● **Task to complete**
Take the records below and set down exactly the lines from the one with "interesting. Visa mindre" to the one with "活动首先由电影片段引入,随后", ends included; do not copy the pictures.

● **Records provided**
────

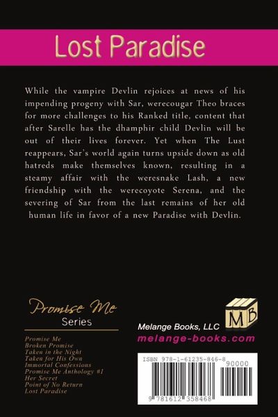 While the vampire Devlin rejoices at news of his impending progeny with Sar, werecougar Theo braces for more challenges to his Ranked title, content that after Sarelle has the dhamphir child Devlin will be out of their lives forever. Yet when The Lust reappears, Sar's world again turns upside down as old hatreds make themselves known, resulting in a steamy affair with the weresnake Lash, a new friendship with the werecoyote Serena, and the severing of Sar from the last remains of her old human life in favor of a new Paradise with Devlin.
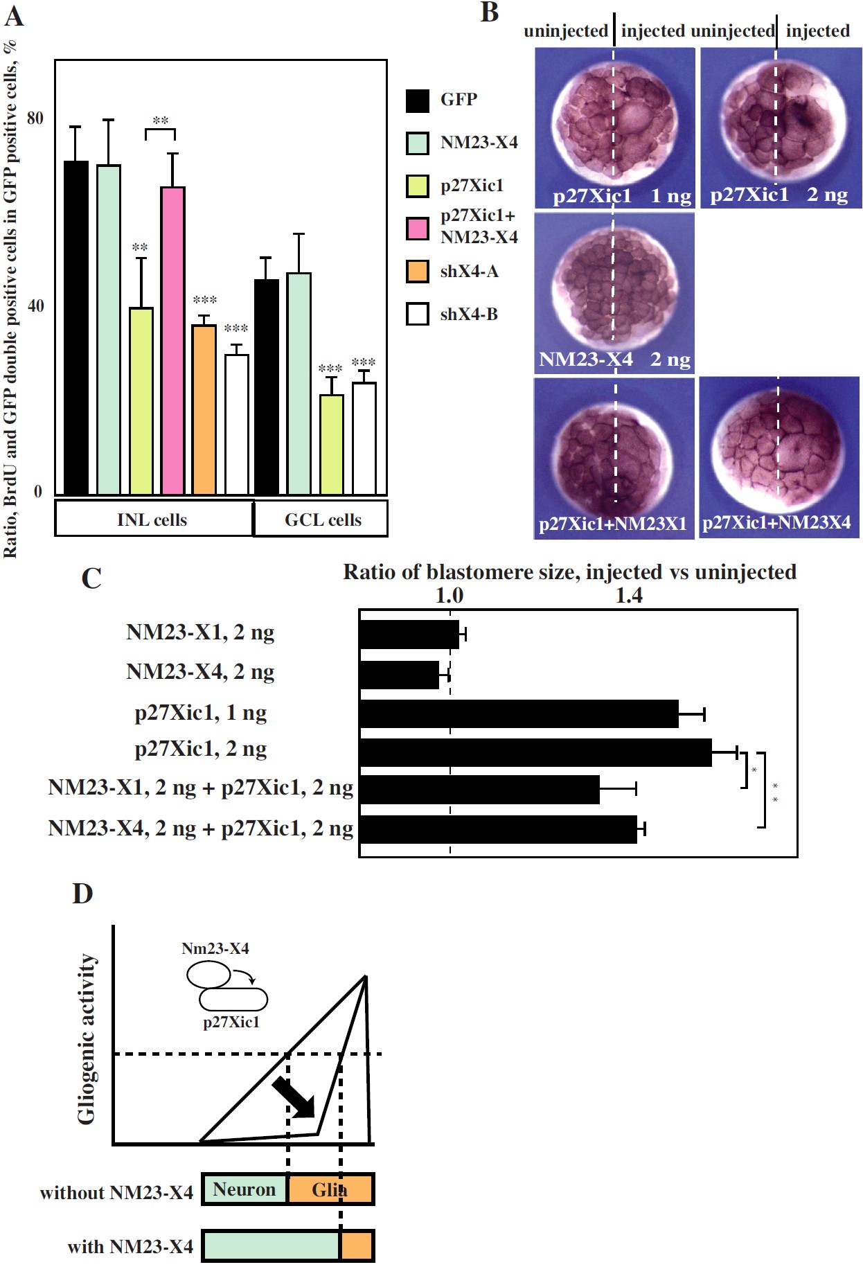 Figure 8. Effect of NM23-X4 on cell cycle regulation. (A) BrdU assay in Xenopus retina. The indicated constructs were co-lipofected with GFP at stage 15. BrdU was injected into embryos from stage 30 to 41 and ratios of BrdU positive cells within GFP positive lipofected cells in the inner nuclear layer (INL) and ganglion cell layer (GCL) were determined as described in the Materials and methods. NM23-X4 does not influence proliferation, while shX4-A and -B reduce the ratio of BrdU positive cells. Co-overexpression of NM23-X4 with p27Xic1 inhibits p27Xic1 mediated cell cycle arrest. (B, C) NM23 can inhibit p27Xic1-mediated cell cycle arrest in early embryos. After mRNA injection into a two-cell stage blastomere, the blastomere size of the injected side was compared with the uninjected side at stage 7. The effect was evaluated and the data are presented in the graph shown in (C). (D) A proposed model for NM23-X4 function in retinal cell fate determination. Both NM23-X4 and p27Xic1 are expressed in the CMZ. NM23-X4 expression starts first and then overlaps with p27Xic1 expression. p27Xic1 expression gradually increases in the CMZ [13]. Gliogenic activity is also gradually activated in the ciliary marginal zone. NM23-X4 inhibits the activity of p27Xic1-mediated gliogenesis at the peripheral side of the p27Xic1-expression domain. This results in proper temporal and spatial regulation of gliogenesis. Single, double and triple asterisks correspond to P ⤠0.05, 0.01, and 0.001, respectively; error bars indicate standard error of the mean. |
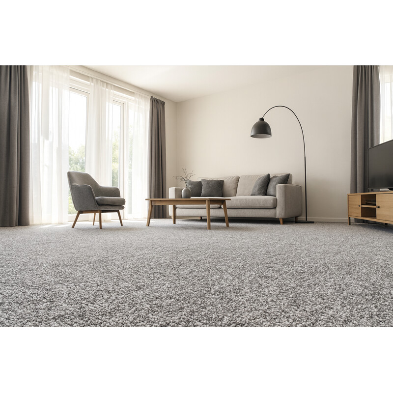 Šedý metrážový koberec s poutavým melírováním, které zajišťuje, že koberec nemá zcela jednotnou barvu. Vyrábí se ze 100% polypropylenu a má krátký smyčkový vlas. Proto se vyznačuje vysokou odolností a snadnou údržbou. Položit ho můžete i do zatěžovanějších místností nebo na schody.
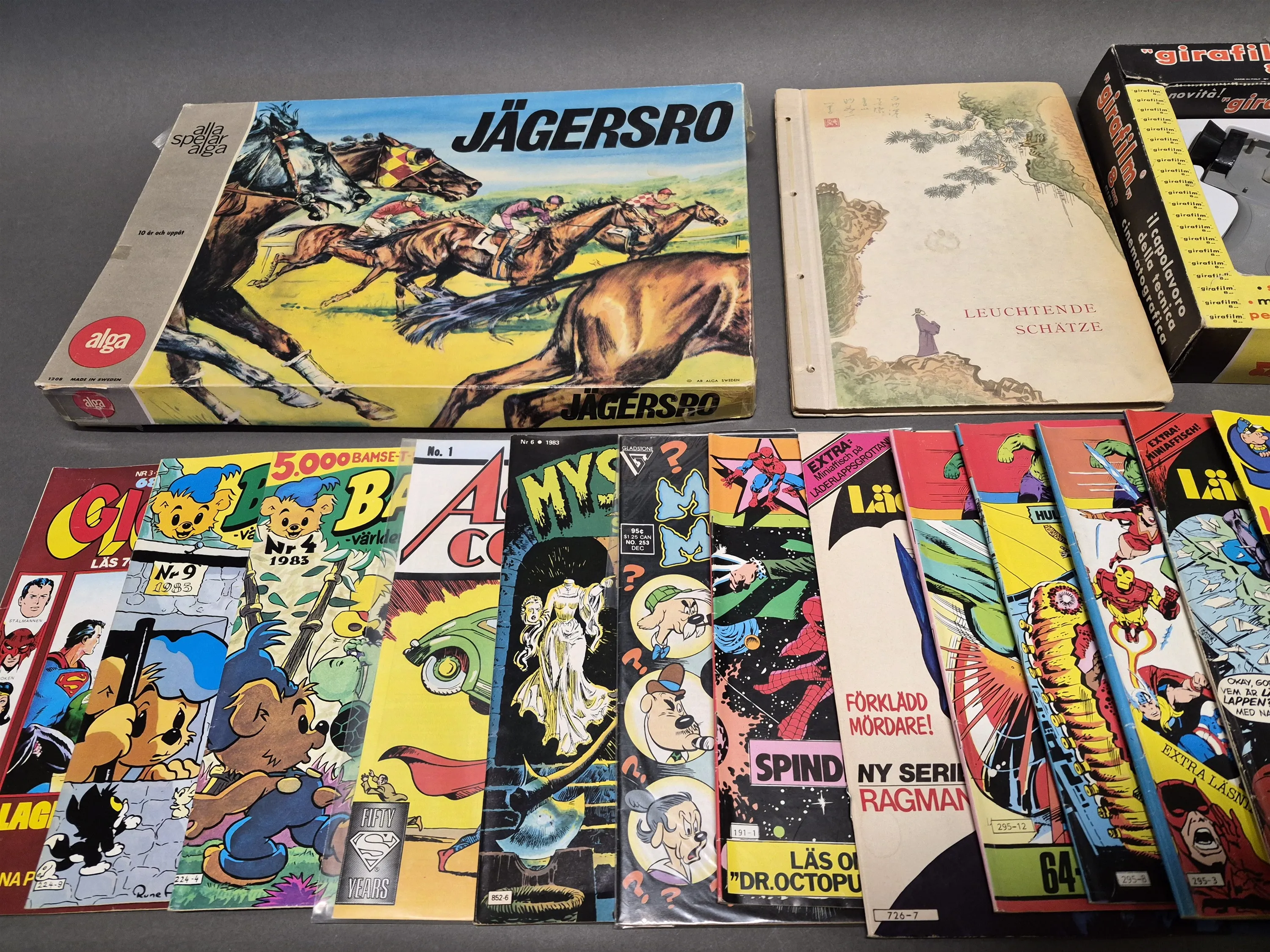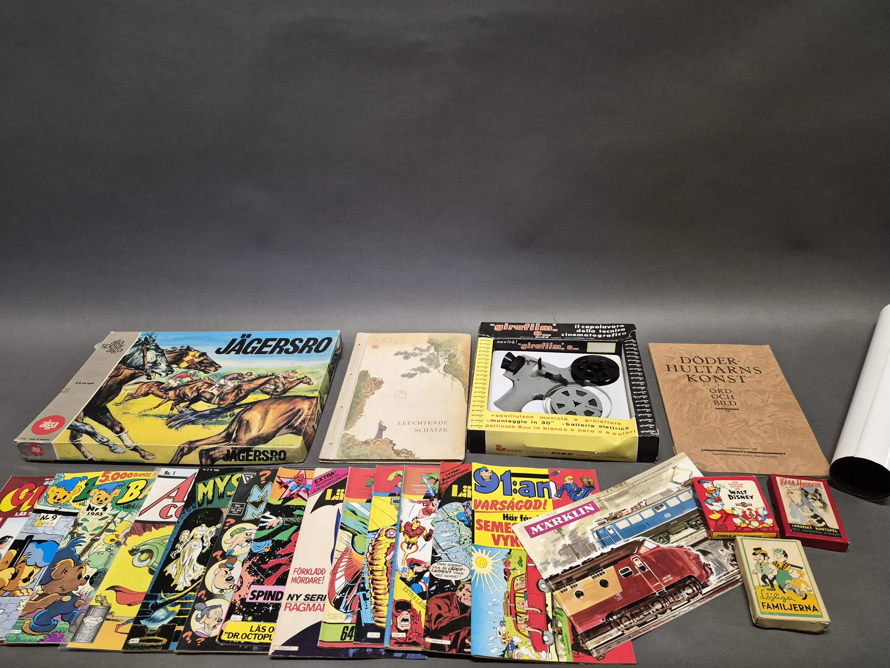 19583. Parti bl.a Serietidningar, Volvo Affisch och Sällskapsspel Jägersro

────

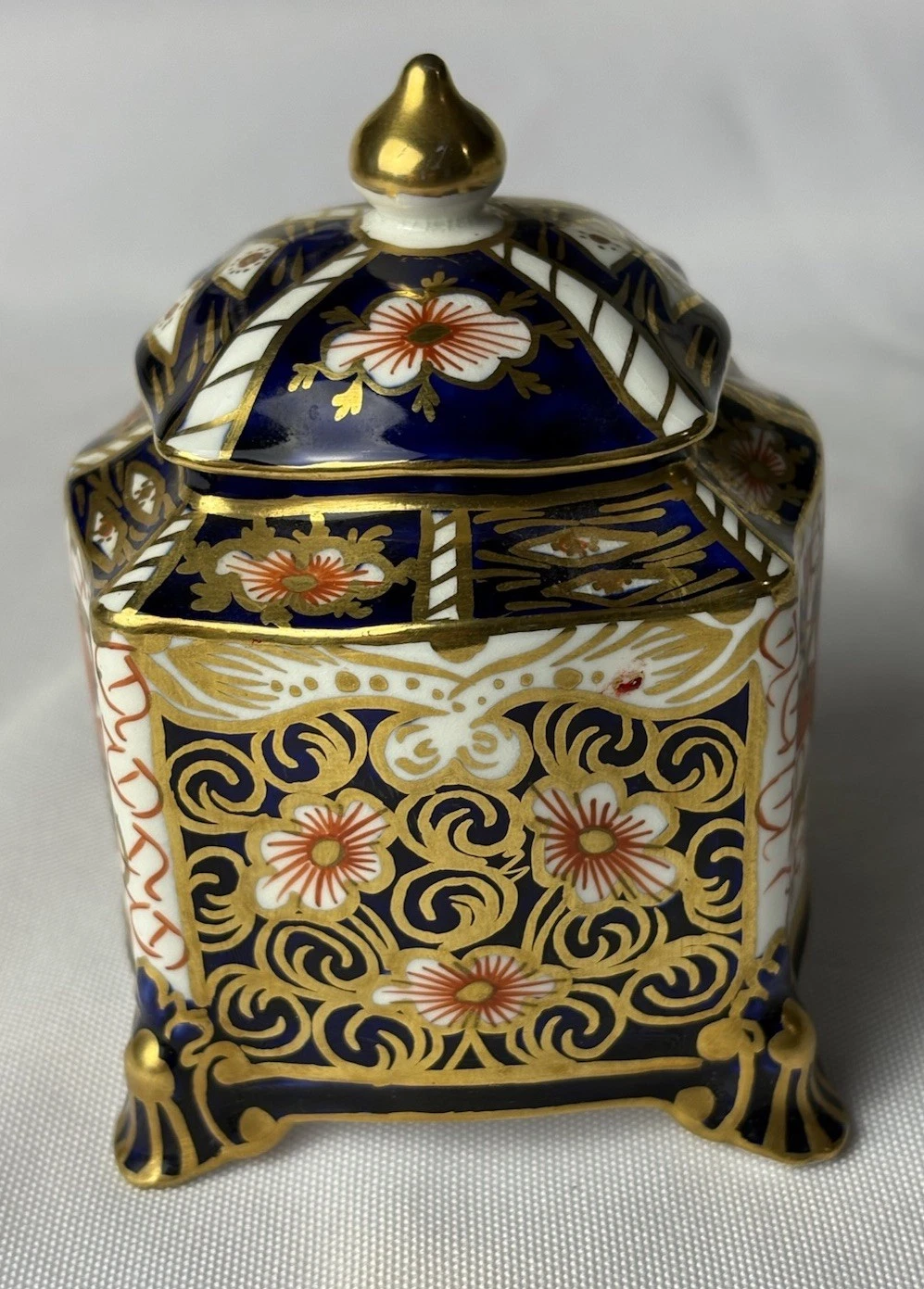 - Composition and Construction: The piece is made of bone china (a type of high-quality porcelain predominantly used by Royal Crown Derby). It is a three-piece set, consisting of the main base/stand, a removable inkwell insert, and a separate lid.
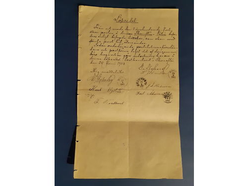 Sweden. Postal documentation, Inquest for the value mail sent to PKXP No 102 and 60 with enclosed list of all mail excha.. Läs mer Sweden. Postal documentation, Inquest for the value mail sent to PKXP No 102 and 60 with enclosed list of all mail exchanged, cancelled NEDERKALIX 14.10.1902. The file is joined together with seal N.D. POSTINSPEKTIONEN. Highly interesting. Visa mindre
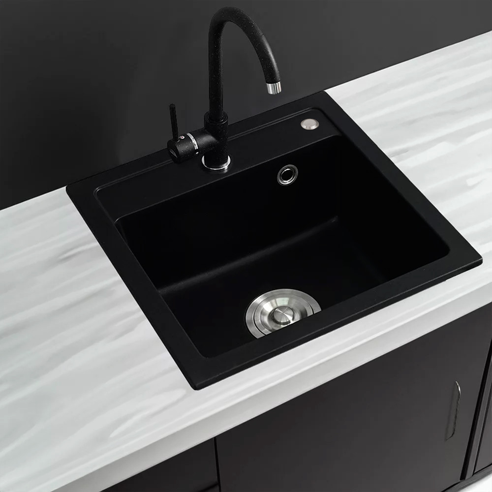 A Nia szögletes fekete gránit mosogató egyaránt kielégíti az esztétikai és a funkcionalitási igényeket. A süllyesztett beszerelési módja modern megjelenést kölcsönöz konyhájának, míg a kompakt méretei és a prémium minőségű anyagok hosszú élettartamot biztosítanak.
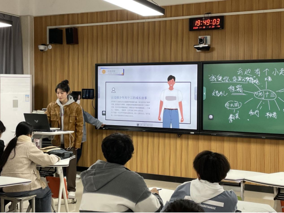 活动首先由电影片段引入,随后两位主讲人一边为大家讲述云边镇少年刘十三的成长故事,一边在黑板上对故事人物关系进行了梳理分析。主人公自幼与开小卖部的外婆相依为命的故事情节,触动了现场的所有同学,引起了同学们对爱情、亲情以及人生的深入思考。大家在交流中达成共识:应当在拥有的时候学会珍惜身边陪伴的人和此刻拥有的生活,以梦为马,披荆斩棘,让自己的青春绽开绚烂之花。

────

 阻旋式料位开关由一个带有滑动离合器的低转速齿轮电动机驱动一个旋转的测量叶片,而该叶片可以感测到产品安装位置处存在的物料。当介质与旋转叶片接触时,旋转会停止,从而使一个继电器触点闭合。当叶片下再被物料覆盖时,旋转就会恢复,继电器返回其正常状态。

────

● **Reply**
 Sweden. Postal documentation, Inquest for the value mail sent to PKXP No 102 and 60 with enclosed list of all mail excha.. Läs mer Sweden. Postal documentation, Inquest for the value mail sent to PKXP No 102 and 60 with enclosed list of all mail exchanged, cancelled NEDERKALIX 14.10.1902. The file is joined together with seal N.D. POSTINSPEKTIONEN. Highly interesting. Visa mindre
 A Nia szögletes fekete gránit mosogató egyaránt kielégíti az esztétikai és a funkcionalitási igényeket. A süllyesztett beszerelési módja modern megjelenést kölcsönöz konyhájának, míg a kompakt méretei és a prémium minőségű anyagok hosszú élettartamot biztosítanak.
 活动首先由电影片段引入,随后两位主讲人一边为大家讲述云边镇少年刘十三的成长故事,一边在黑板上对故事人物关系进行了梳理分析。主人公自幼与开小卖部的外婆相依为命的故事情节,触动了现场的所有同学,引起了同学们对爱情、亲情以及人生的深入思考。大家在交流中达成共识:应当在拥有的时候学会珍惜身边陪伴的人和此刻拥有的生活,以梦为马,披荆斩棘,让自己的青春绽开绚烂之花。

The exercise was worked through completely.